Records from a dataset:
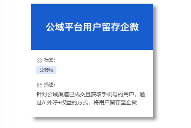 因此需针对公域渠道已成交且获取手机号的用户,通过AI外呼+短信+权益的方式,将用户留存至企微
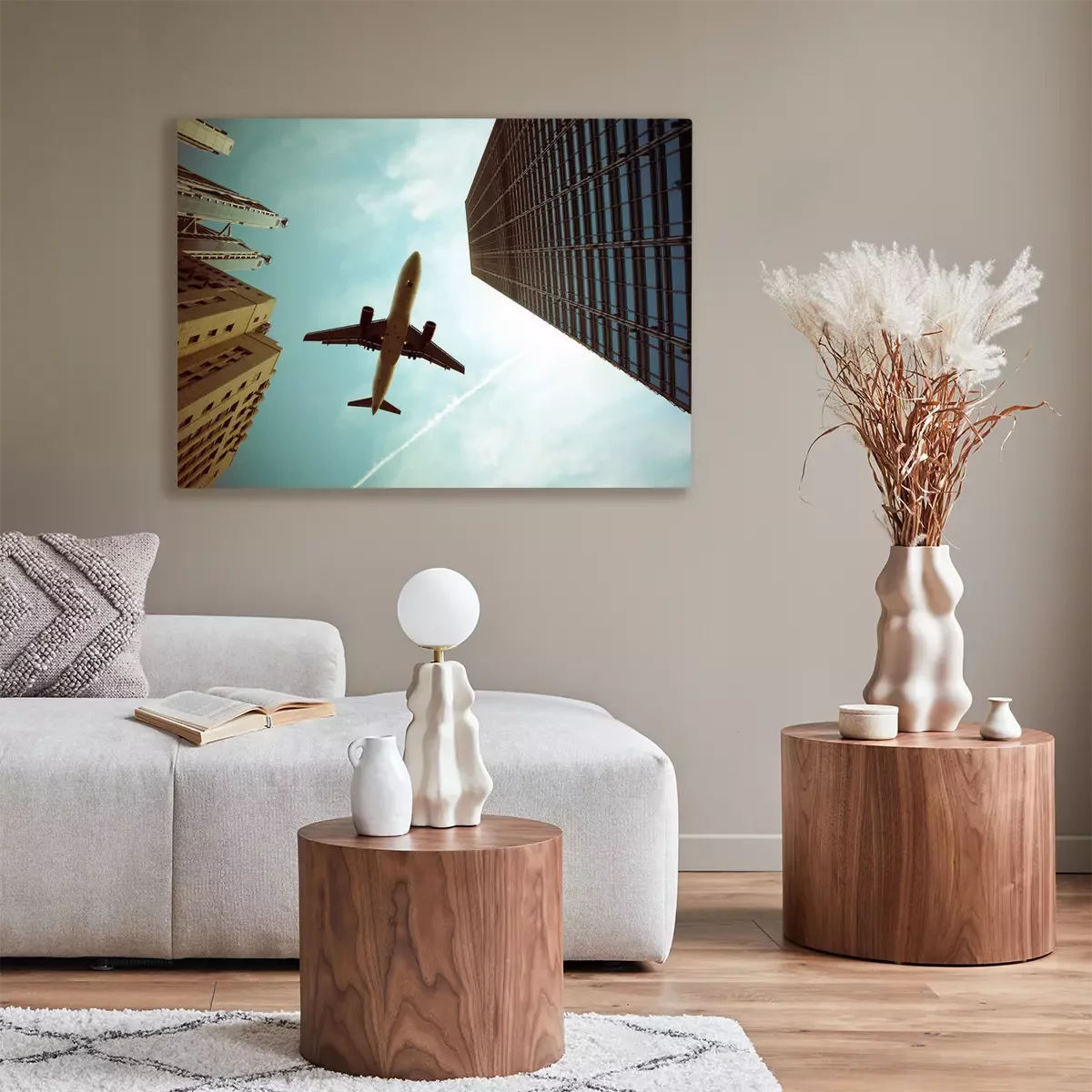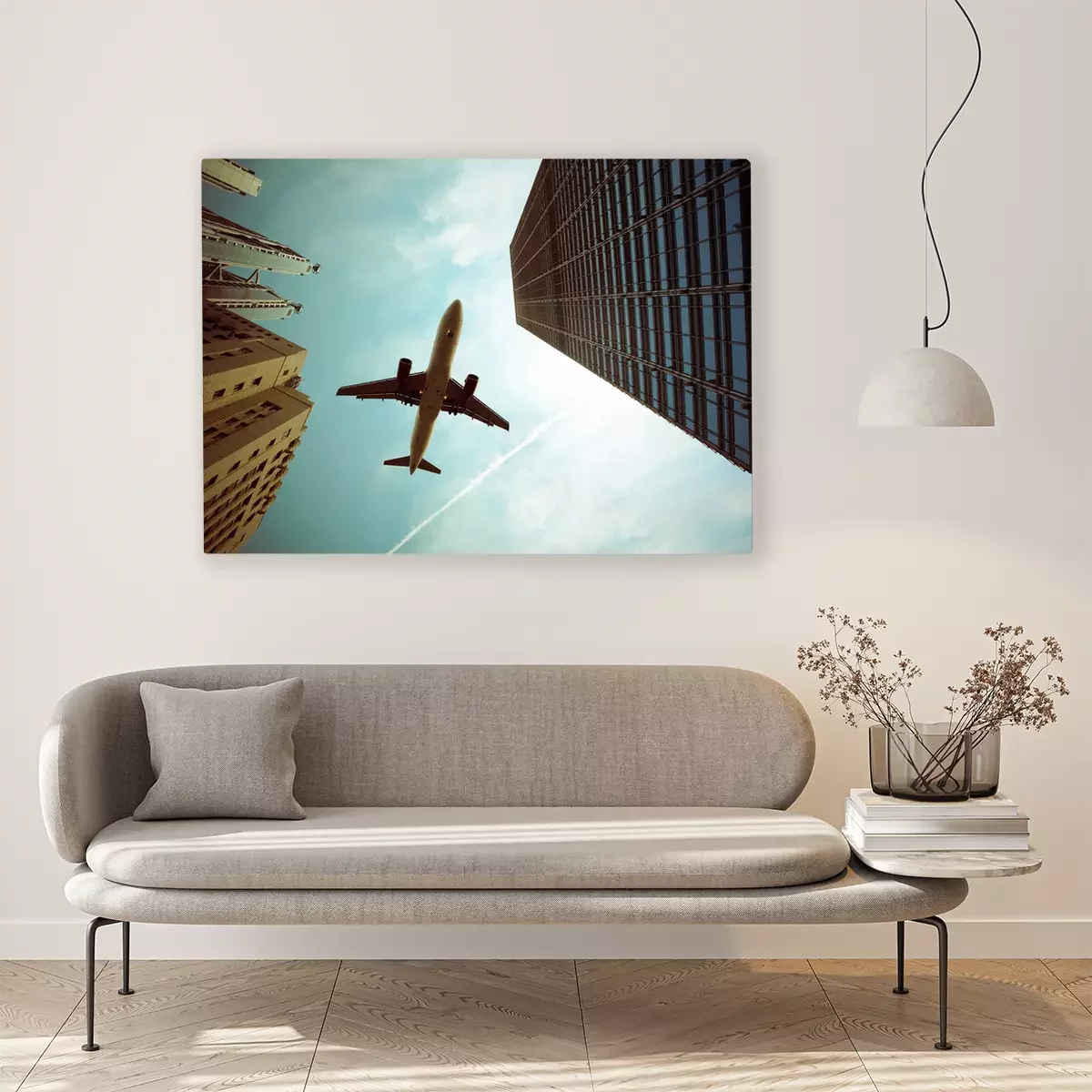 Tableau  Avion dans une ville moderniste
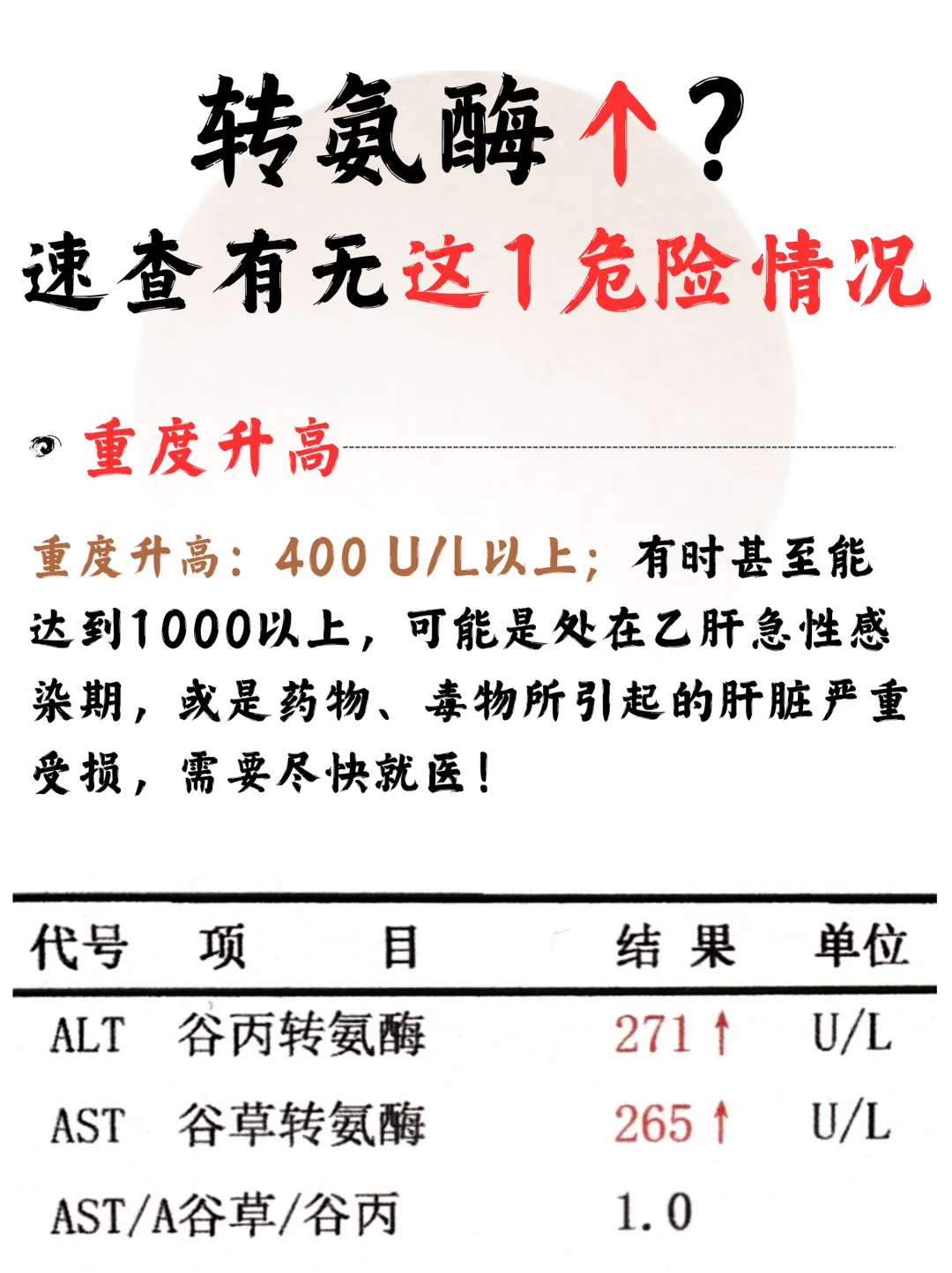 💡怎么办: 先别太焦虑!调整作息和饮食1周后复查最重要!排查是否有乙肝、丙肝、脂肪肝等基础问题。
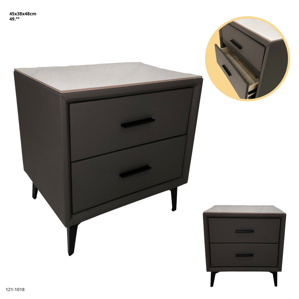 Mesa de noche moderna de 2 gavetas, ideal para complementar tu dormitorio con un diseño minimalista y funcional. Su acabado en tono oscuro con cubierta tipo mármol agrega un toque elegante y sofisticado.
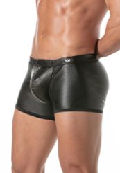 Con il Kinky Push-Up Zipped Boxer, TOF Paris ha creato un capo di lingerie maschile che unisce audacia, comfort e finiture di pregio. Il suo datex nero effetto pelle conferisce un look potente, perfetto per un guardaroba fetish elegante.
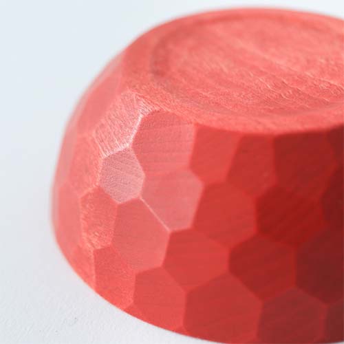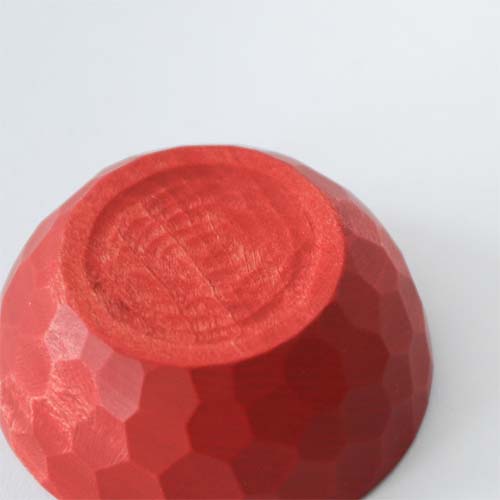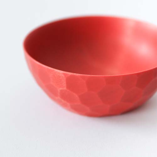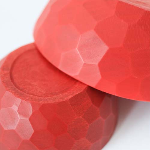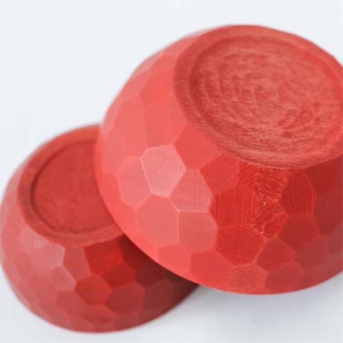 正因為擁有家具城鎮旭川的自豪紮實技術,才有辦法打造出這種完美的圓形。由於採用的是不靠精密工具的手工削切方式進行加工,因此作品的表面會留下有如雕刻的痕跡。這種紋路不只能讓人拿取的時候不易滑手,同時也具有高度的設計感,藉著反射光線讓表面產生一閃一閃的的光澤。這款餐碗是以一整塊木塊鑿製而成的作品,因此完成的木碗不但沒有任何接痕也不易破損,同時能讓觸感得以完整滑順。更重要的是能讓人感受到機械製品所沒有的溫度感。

• [Task item]: From the first line above to the line containing "Mesa de noche", repeat each line exactly. Pictures stay out.

• [Answer]:
 因此需针对公域渠道已成交且获取手机号的用户,通过AI外呼+短信+权益的方式,将用户留存至企微
 Tableau  Avion dans une ville moderniste
 💡怎么办: 先别太焦虑!调整作息和饮食1周后复查最重要!排查是否有乙肝、丙肝、脂肪肝等基础问题。
 Mesa de noche moderna de 2 gavetas, ideal para complementar tu dormitorio con un diseño minimalista y funcional. Su acabado en tono oscuro con cubierta tipo mármol agrega un toque elegante y sofisticado.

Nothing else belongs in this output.